Wprowadzenie kryterium stażowego uprawniającego do przejścia na emeryturę bez względu na wiek - to reforma, o którą od kilku lat postulują związkowcy. O to, czy Ministerstwo Rodziny i Polityki Społecznej przewiduje wprowadzenie takiego rozwiązania zapytał poseł Prawa i Sprawiedliwości. Jest odpowiedź resortu.
Interpelację w sprawie tak zwanej emerytury stażowej skierował Sławomir Skwarek z PiS. Jak wskazał, wnioski dotyczące wdrożenia tego rozwiązania były zgłaszane podczas prac nad przywróceniem wieku emerytalnego 60 lat dla kobiet i 65 lat dla mężczyzn. Reforma weszła w życie 1 października 2017 roku.
"Podczas prac parlamentarnych nad projektem tej ustawy były zgłaszane też wnioski, aby oprócz obniżenia wieku emerytalnego wprowadzić również regulacje uzależniające prawo do emerytury tylko od udowodnienia odpowiednio długiego stażu pracy (np. 35 lat – w przypadku kobiet i 40 lat – w przypadku mężczyzn). Dotychczas nie zdecydowano się jednak na wprowadzenie kryterium stażowego uprawniającego do przejścia na emeryturę bez względu na wiek" - czytamy.
Dlatego poseł PiS zapytał minister rodziny i polityki społecznej Marlenę Maląg m.in. o to, czy ministerstwo przewiduje wprowadzenie tzw. emerytury stażowej bez względu na wiek.

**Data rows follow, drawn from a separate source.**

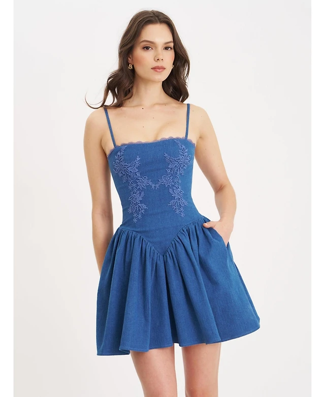 Miss Circle Women's Taleah Blue Floral Print Linen Mini Dress with Lace Trim
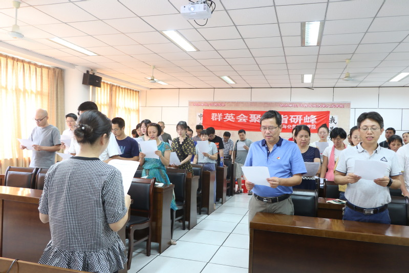 为积极贯彻落实“不忘初心、牢记使命”主题教育精神,切实加强教师队伍作风建设,9月17日下午,公司在院办大会议室举行了全体教师师德集体承诺宣誓活动,活动由公司党委副书记王志发主持,音乐系国家二级普通话测试员范凌云老师领誓。
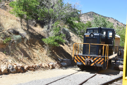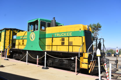 Virginia and Truckee 44 ton switcher D-3, ex. Yuma Valley Railway 3, nee United States Marine Corp switcher built by General Electric in 1943. It arrived in May 2013 and was repainted to V&T colors in July 2017.
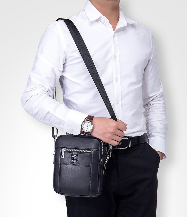 Чоловіча сумка через плече Натуральна шкіра Барсетка Чоловіча шкіряна сумка для документів планшет Чорний
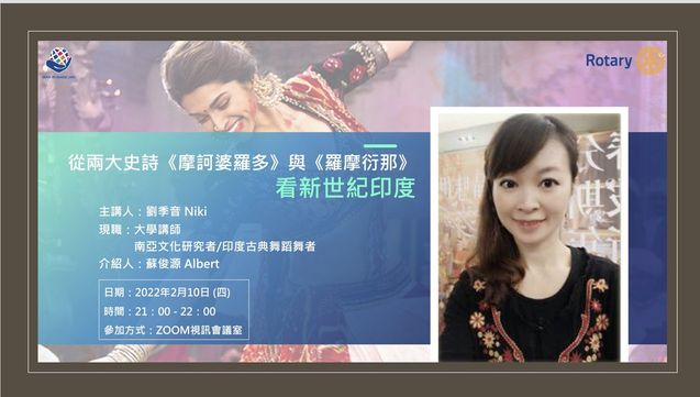 能有機會受邀台北福齡躍齡衛星扶輪社,源於去年為台北西區網路扶輪社演講後,沒想到相關的印度文化議題,燃燒起大家的興趣,因而於年初,進行了同樣的印度史詩文化講題。
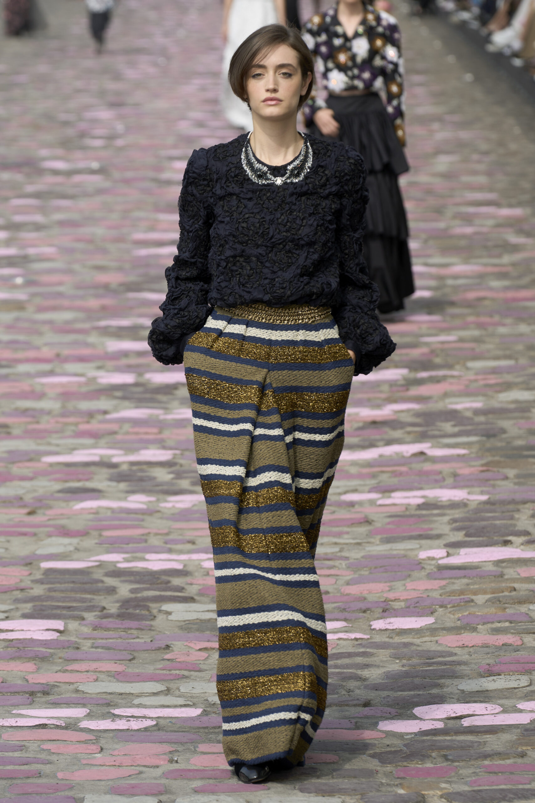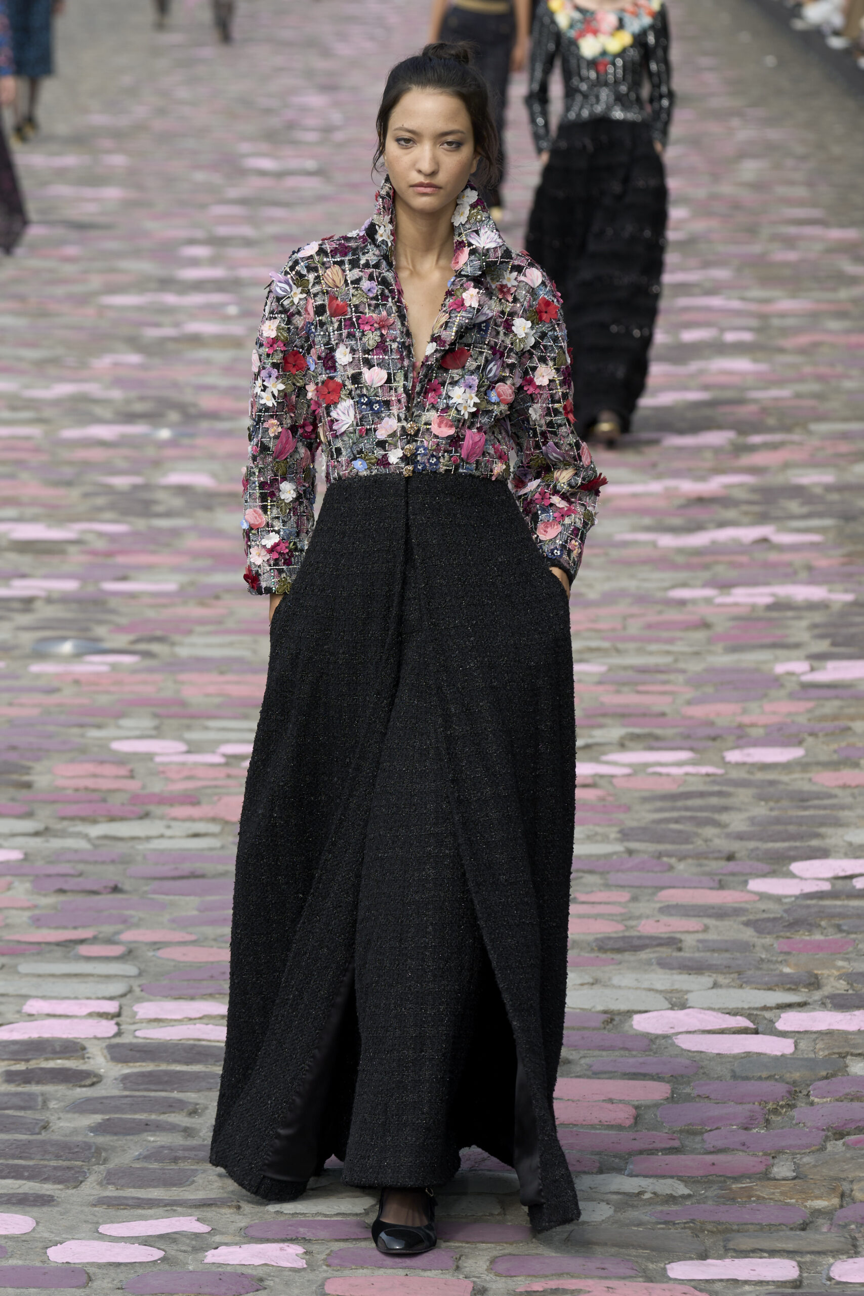 The models walked the catwalk in looks that expressed an everyday, not quite haute couture, but characterised by Mary Janes, daytime blouses and emblematic pieces of the historic French fashion house. Virginie Viard places great importance on narrating Chanel, immersing us in a Frenchness that is limitless, original and authentic. This collection clearly represents a refinement and style that goes beyond the typically French imagination.
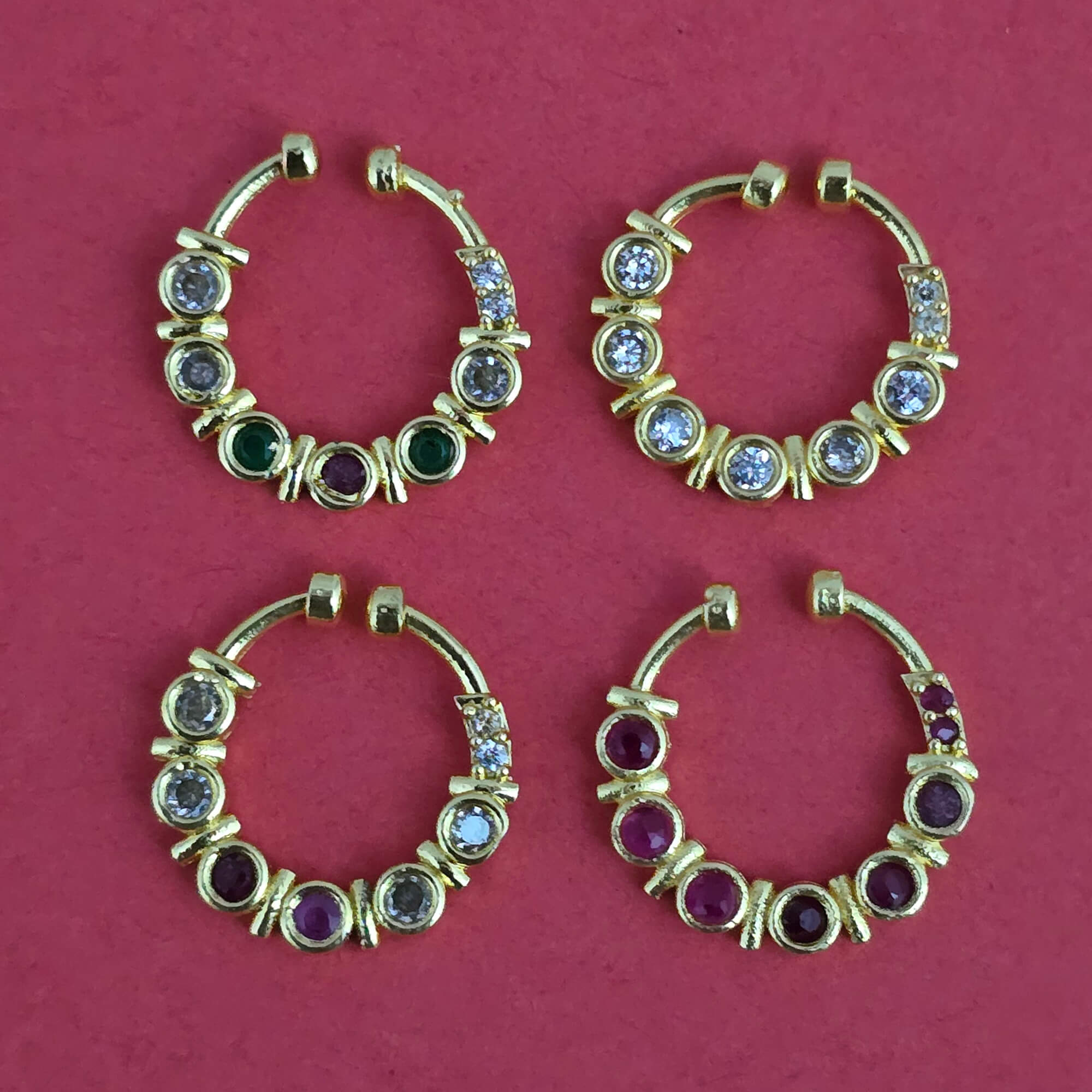 Home / American Diamond Nose Ring / american diamond pressing nose ring with gold plating

Ministerstwo o emeryturach stażowych
Odpowiedzi na interpelację udzielił wiceminister rodziny i polityki społecznej Stanisław Szwed.
"Dotychczas nie zdecydowano się na wprowadzenie kryterium stażowego uprawniającego do przejścia na emeryturę bez względu na wiek głównie dlatego, że sposób obliczania emerytury zachęca ubezpieczonych do jak najdłuższej aktywności zawodowej i opóźniania decyzji przejścia na emeryturę, co w sposób istotny przekłada się na wysokość świadczenia" - wskazał Szwed.
"Nie ulega jednak wątpliwości, że istnieje potrzeba dyskusji nad poszukiwaniem rozwiązań nakierowanych na optymalizację systemu emerytalnego, w tym także jego uelastyczniania, które byłoby zgodne zarówno z troską o jego finansową stabilność, jak i z zapatrywaniami społecznymi w tym zakresie" - dodał przedstawiciel MRiPS.
Aspekt finansowy
Jednocześnie zwrócił uwagę na aspekt finansowy wprowadzenia tzw. emerytur stażowych. "Ze względu na fakt, że każda zmiana w systemie emerytalnym niesie za sobą poważne konsekwencje finansowe i dotyczy milionów osób, wszelkie nowe rozwiązania w tej mierze muszą być dokładnie przeanalizowane przed ich wprowadzeniem w życie" - podkreślił Stanisław Szwed.
Jak zaznaczył, "obecna sytuacja gospodarcza, spowodowana pandemią COVID-19 ograniczyła możliwości wprowadzania nowych rozwiązań, szczególnie tych zwiększających wydatki budżetu państwa". "Dlatego też kwestia emerytur stażowych wymaga bardzo dokładnych analiz skutków (przede wszystkim finansowych), jakie by taka zmiana spowodowała" - ocenił.
Apel związkowców
Ogólnopolskie Porozumienie Związków Zawodowych postuluje o wpisanie tak zwanych emerytur stażowych do nowego programu rządu tzw. nowego polskiego ładu, do punktu "Złota jesień życia". Związkowcy poinformowali również we wtorek o ogólnopolskiej akcji kierowania wniosków do parlamentarzystów o wprowadzenie takich świadczeń.
Wprowadzenie tak zwanych emerytur stażowych zakładała podpisana w maju ubiegłego roku przez prezydenta Andrzeja Dudę nowa umowa programowa z NSZZ "Solidarność". Ta deklaracja znalazła się także w poprzedniej wersji umowy, którą zawarto podczas pierwszej kampanii prezydenckiej Dudy w 2015 roku. Do tej pory jednak zmian nie wprowadzono.
O obietnicy przypominają regularnie prezydentowi związkowcy. Niedawno specjalną petycję do Andrzeja Dudy wysłało OPZZ. "Panie Prezydencie, pracownice i pracownicy nie mogą dłużej czekać na wprowadzenie rozwiązania, które wielokrotnie publiczne deklarował Pan wprowadzić" – czytamy w liście związkowców.
Znacznie bliżej realizacji jest inna reforma emerytalna. W czerwcu ma bowiem wejść w życie ustawa o przekształceniu otwartych funduszy emerytalnych (OFE). Projekt jest przed drugim czytaniem w Sejmie.